- Born: Mary Biddulph 20 July 1916 Williton, Somerset, England
- Died: 19 February 2008 (aged 91) Guernsey, Channel Islands

= Mary Barclay =

English actress (1916–2008)

Mary Barclay (20 July 1916 – 19 February 2008) was an English film, television and theatre actress. She was best known for playing Stella Dane in the Crossroads television series, as well as her role in the 1973 film, A Touch of Class.

==Early life==
Barclay was born Mary Biddulph in Williton, Somerset, England. She earned a double first from Cambridge University in Classics.

She applied to the Civil Service Board, but was turned down for the position. Afterwards she moved in with the mother of Ivor Novello in London. Novello's mother taught Barclay how to play the piano and sing. In return, Barclay agreed to take out her gin bottles. She worked at the landmark HMV music store on Oxford Street in London during this time.

Barclay enrolled in the Guildhall School of Music and Drama around the outbreak of the Second World War. She married Richard Barclay, who later became a BBC film editor, in 1940.

==Career==
The couple emigrated to Canada after the war. There she landed her first acting role in the 1948 Canadian drama, Sins of the Fathers. Barclay next played a prostitute in the Canadian opening of the play, Tit-Coq (Little Rooster), beginning in 1948. She remained as a cast member of the play for three years.

Barclay made her Broadway in New York in The Hollow by Agatha Christie. Her success in The Hollow led to other Broadway roles and appearances on American television shows, including Florence Nightingale. In 1955 she appeared in Witness for the Prosecution at the Henry Miller Theatre in New York City.

Barclay and her husband returned to Great Britain in 1956, where she continued to act in film, stage and television. She was cast in the Crossroads television series as Stella Dane, an overbearing mother-in-law during the 1960s. She continued on Crossroads for 18 months before becoming bored with the role. She asked the show's producers to kill off her character, which they did.
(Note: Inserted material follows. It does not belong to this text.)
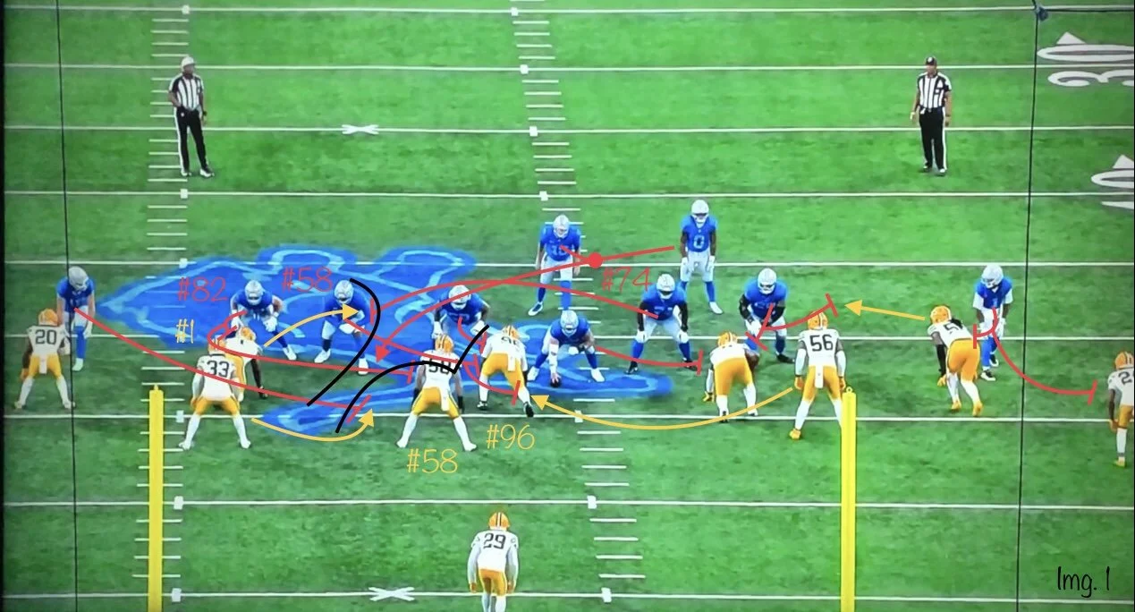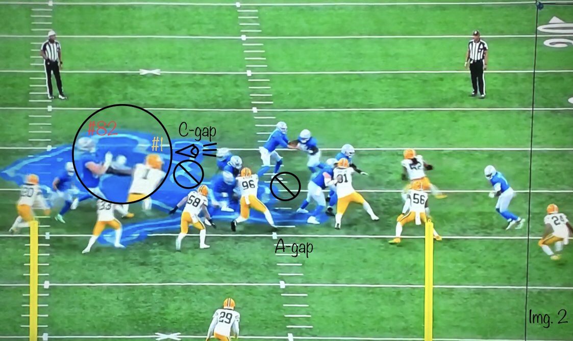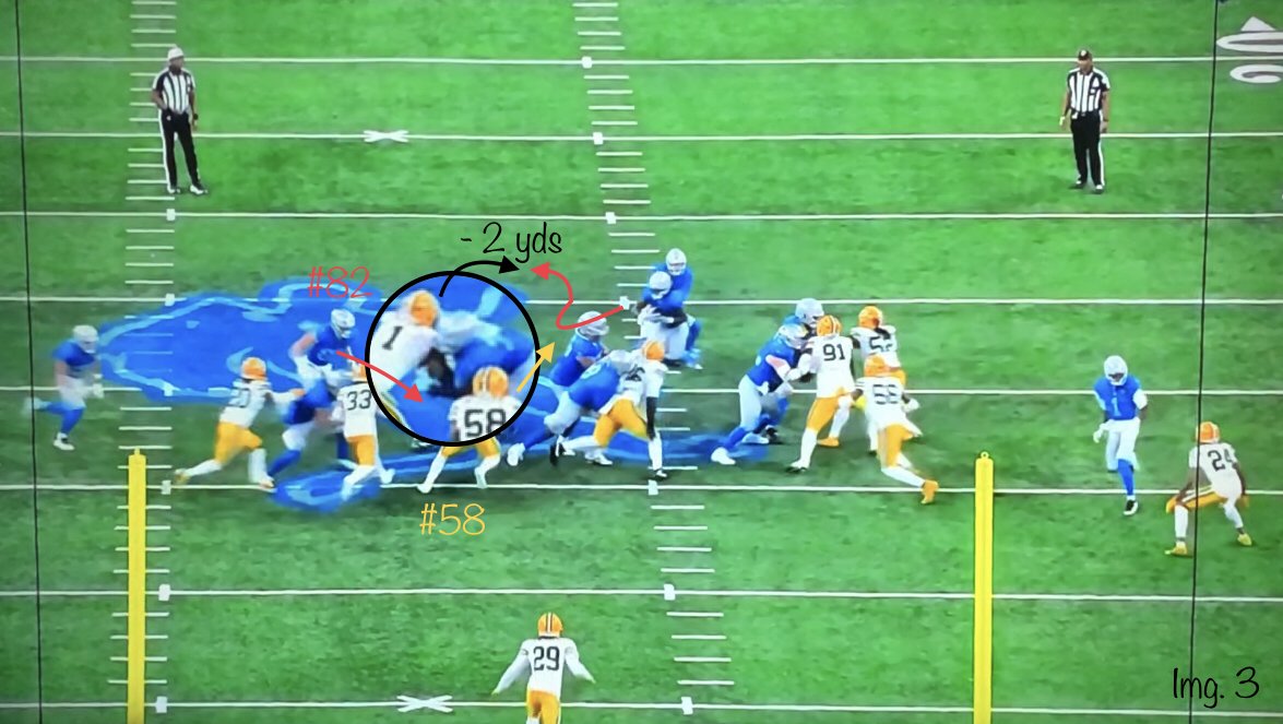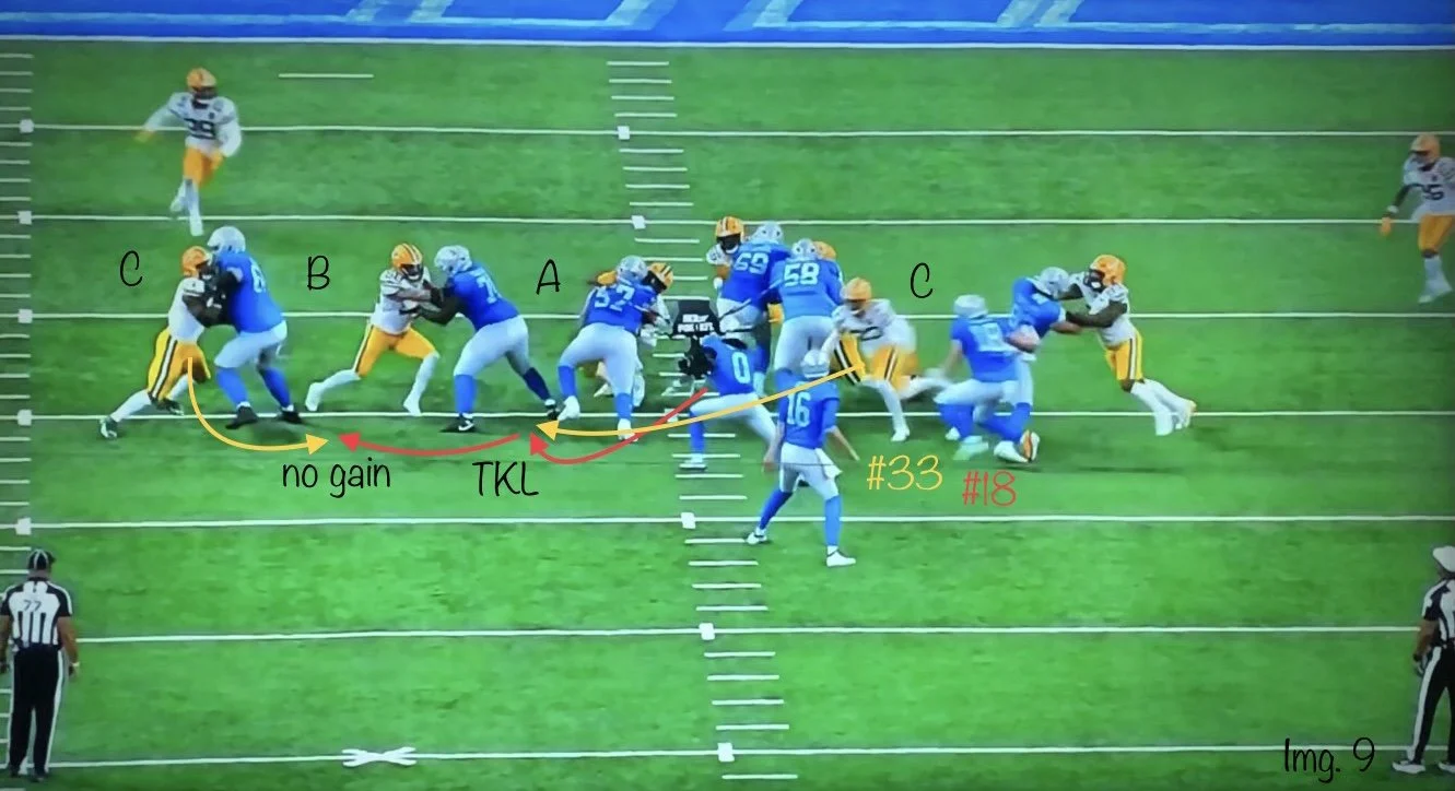 TeSlaa (#18), schierato largo a destra a quasi 5 yds da Dwelley, sembra non aver concluso in tempo il movimento di avvicinamento al “box” nella fase pre-snap; partendo quindi in leggero ritardo rispetto a Williams (#33), gli permette di penetrare nel “C-gap” e di eliminare la possibilità di “Cutback” di Gibbs, costringendolo a deviare la propria traiettoria verso il lato debole. [Immagine 9 sotto]

She later appeared as Jon Voight's mother in The Revolutionary in 1970. She also acted in the controversial Sex and the Other Woman in 1972. Sex and the Other Woman was cut by nine minutes because British censors objected to material in the film.

Barlay was cast in the 1973 film, A Touch of Class, opposite Glenda Jackson and George Segal. Her other credits included roles in Dixon of Dock Green, Steptoe and Son, Spy Trap and Secret Army. She played Sophie Chantal in Secret Army, which was set in Belgium during World War II, from 1977 until 1979.

==Death==
Mary Barclay died on 19 February 2008 at a nursing home in Guernsey at the age of 91. She had suffered from complications from a stroke which occurred seven years before her death.

Her first husband, Richard Barclay, had died from a heart attack in 1985. She married her second husband, David Taylor, a Scottish widower, in 1987.